» Task description
Between the line containing "Fiore is a location" and the line containing "收费标准:月费4100元起,根据房型和服务等级差异化定价" lies a run of lines; give that run again exactly, with both of those lines, and nothing else from the entries below.

» Data listing
--------
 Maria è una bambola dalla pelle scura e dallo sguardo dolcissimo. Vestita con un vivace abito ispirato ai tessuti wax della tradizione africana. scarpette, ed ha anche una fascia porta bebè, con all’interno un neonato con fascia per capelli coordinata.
--------
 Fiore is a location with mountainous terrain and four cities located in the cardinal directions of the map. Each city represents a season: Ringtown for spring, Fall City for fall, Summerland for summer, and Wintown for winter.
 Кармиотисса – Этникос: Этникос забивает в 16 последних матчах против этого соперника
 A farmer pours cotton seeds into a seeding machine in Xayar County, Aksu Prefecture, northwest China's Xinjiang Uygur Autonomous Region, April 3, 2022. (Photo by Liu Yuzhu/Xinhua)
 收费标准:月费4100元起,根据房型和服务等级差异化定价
--------
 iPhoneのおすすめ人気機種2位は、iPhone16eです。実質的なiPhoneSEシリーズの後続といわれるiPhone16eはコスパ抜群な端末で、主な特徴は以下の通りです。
--------
» Exercise response
 Fiore is a location with mountainous terrain and four cities located in the cardinal directions of the map. Each city represents a season: Ringtown for spring, Fall City for fall, Summerland for summer, and Wintown for winter.
 Кармиотисса – Этникос: Этникос забивает в 16 последних матчах против этого соперника
 A farmer pours cotton seeds into a seeding machine in Xayar County, Aksu Prefecture, northwest China's Xinjiang Uygur Autonomous Region, April 3, 2022. (Photo by Liu Yuzhu/Xinhua)
 收费标准:月费4100元起,根据房型和服务等级差异化定价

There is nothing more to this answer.